Ram Navami Violence: Calcutta HC Reserves Its Decision On BJP MLA Adhikari’s Plea Seeking NIA Probe

The Calcutta High Court on Monday reserved its decision on West Bengal Leader of Opposition and BJP MLA Suvendu Adhikari’s Public Interest Litigation (PIL), which sought the NIA/CBI investigation into the incidents of violence that occurred in the state during the Ram Navami procession.

After hearing the arguments of the Advocate General and counsels for the other petitioners who have filed similar petitions before the HC, the bench of Acting Chief Justice T. S. Sivagnanam and Justice Hiranmay Bhattacharyya reserved its order.

Before the Court today, Advocate General Soumendra Nath Mookherjee opposed the NIA’s request for an investigation into the violence, arguing that the state police are already investigating the matter and that an NIA probe can be ordered only if there is sufficient material and satisfaction from the Centre that it is a fit case for ordering an NIA probe.

To this, Acting Chief Justice Sivagnanam stated that the situation appeared to be severe because the reports prima-facie indicate that the violence was pre-planned, and thus a central probe agency would be better placed to investigate the matter.

On the other hand, the ASG representing for the Centre said that if blasts occur and explosives are utilized, the NIA act is automatically attracted and it becomes the Centre’s discretion to order an NIA probe suo moto.

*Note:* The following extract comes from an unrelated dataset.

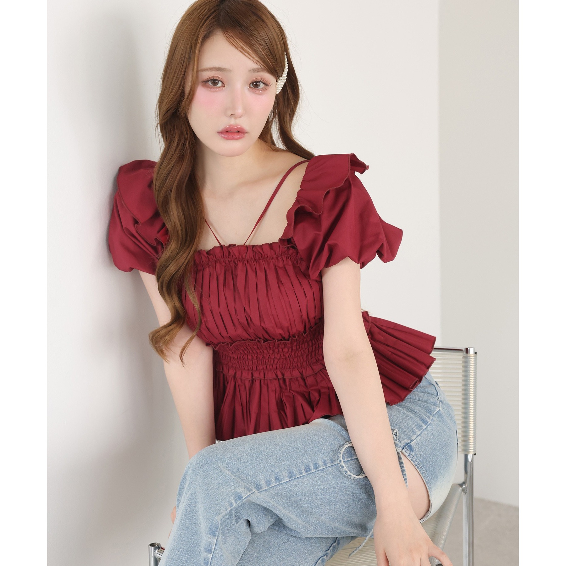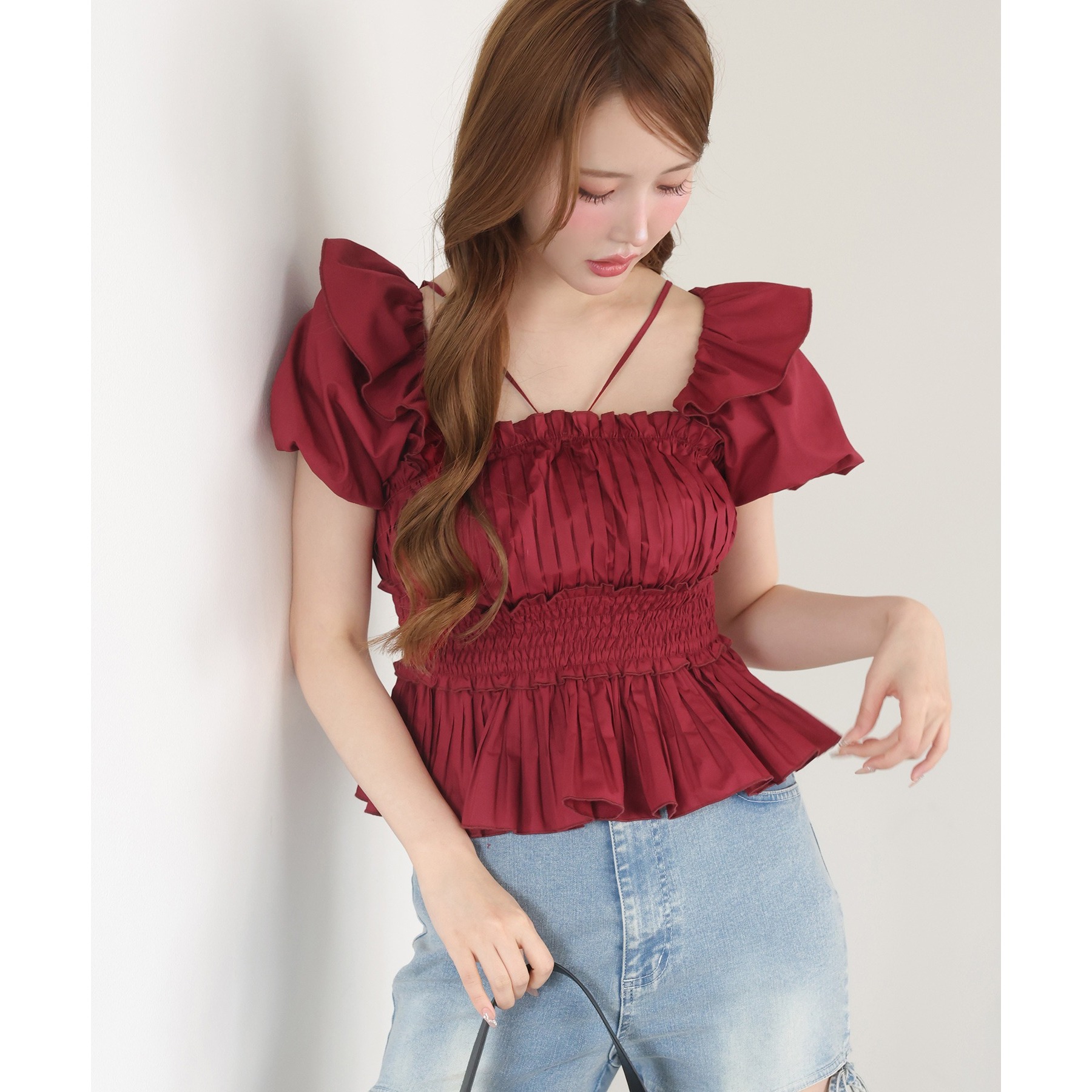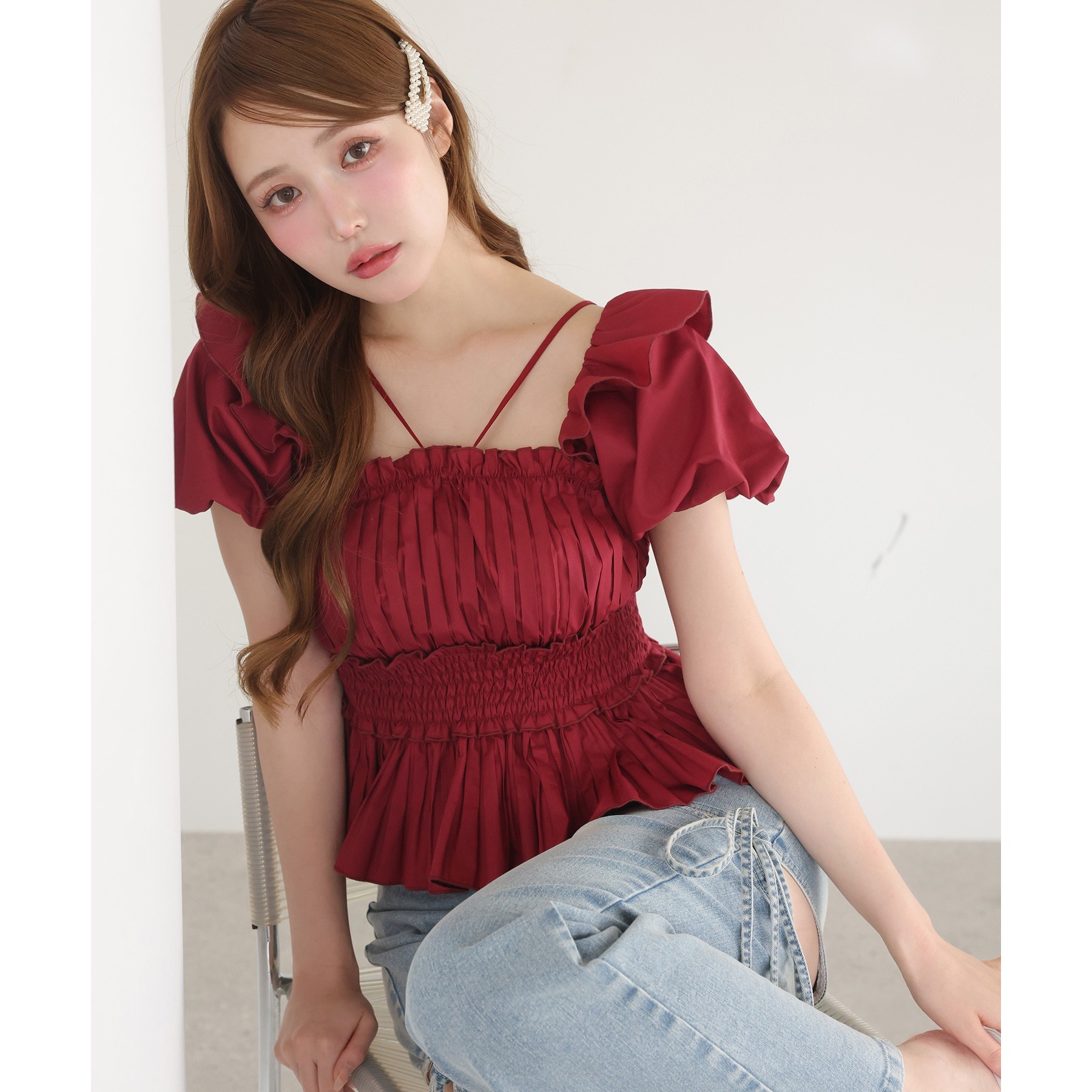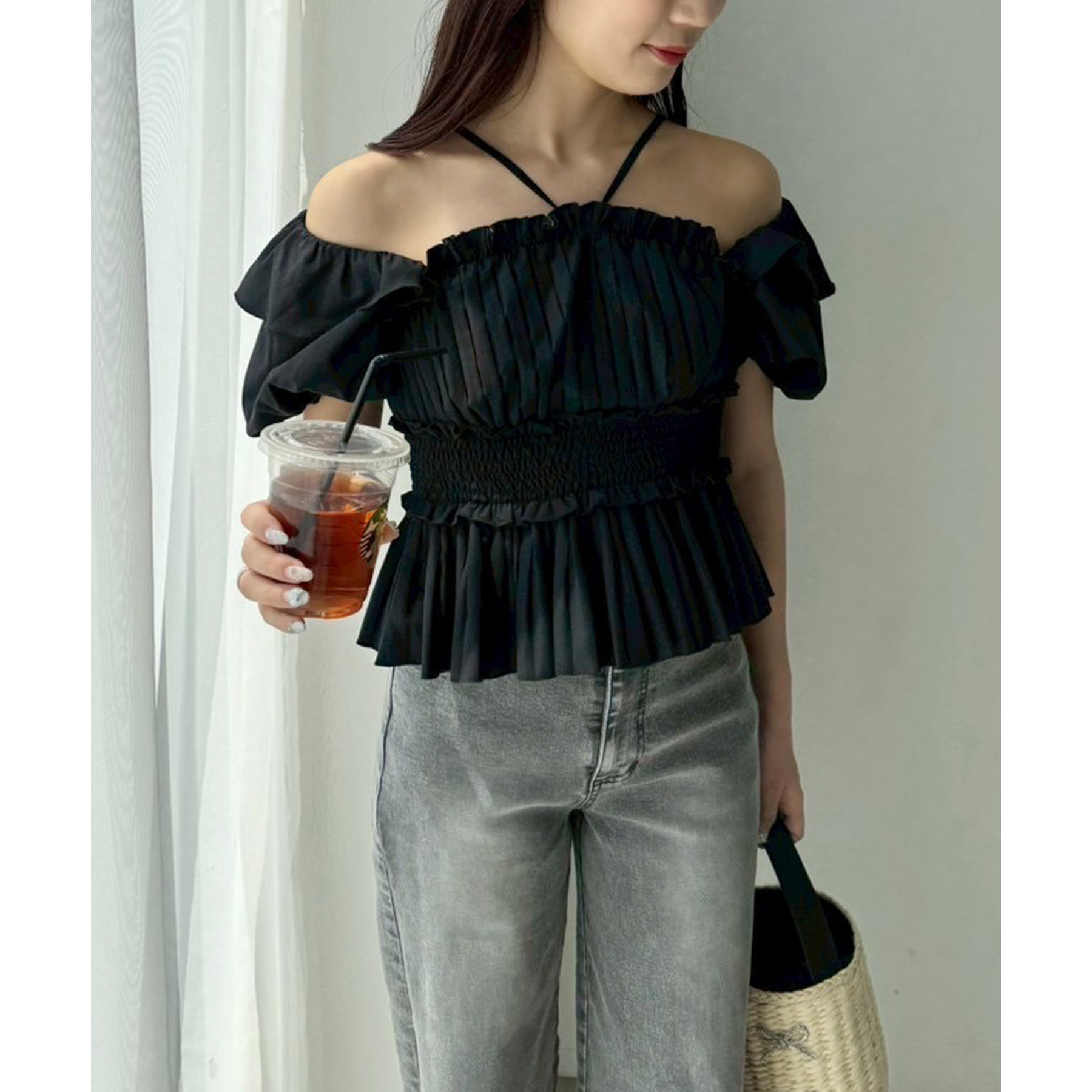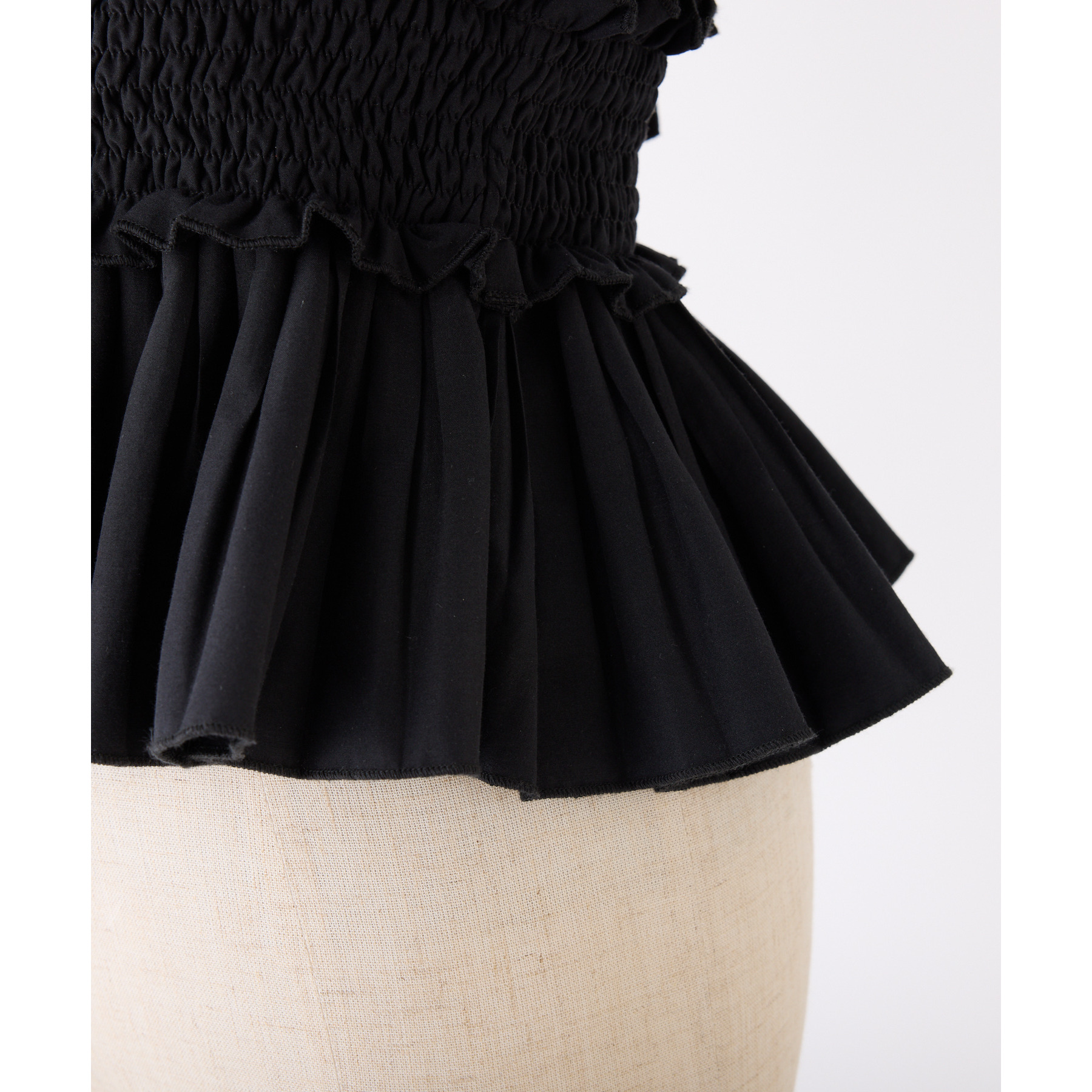 繊細なプリーツ素材を使用した、立体感のあるペプラムデザインが魅力の一枚。

Against this backdrop, taking into account the reports filed by the official authorities, averments in the writ petitions, and the state government’s report, the Court observed that the police had to disperse the crowd using pellet guns and tear gas shells, indicating that the situation was serious and that it could be a case of large-scale violence.

“Reports prima facie show that they (violent incidents) were all pre-planned. There is an allegation that stones were thrown from rooftops; certainly, stones could not have been transported to the rooftop in 10-15 minutes. There was a lapse in intelligence. The issue is twofold. The first question is if it is between two groups. Another possibility is that a third group is taking advantage of the situation. If such group is involved, a central agency should look into it because it is difficult for state police to find out. Who has arrived to take advantage? Someone would have started the fire, started the ball rolling, so you can’t probe unless a central agency comes,” the bench observed.

The Bench also noted that swords, bottles, broken glasses, and acid were used in the violence, and that access to the internet was restricted, demonstrating how widespread the violence was.

Importantly, the Court considered past occurrences of violence in the state as well as subsequent Court rulings and observed, “Within 4-5 months, the state has received 8 orders of the High Court, all of which concern violence during religious events. Is it not a reflection of something else? I have never seen so many orders in my 14 years as a Judge. Is it police incompetence, intelligence failure, sensitization of lower-level personnel, or what?”

Furthermore, when the Court asked the AG why state reports do not mention bombs being thrown while the incident was widely covered in the media, the AG denied that any bombs were thrown. He stated that the charges in the writ petitions about the bombing and burning of houses were false.

Other counsel also testified before the Court, claiming that the Chief Minister of the State made statements partitioning state areas based on religion. Another attorney argued that the State Police did not use the Explosive Substances Act in order to avoid the scheduled violations.

The Court reserved its orders after hearing counsel for all parties.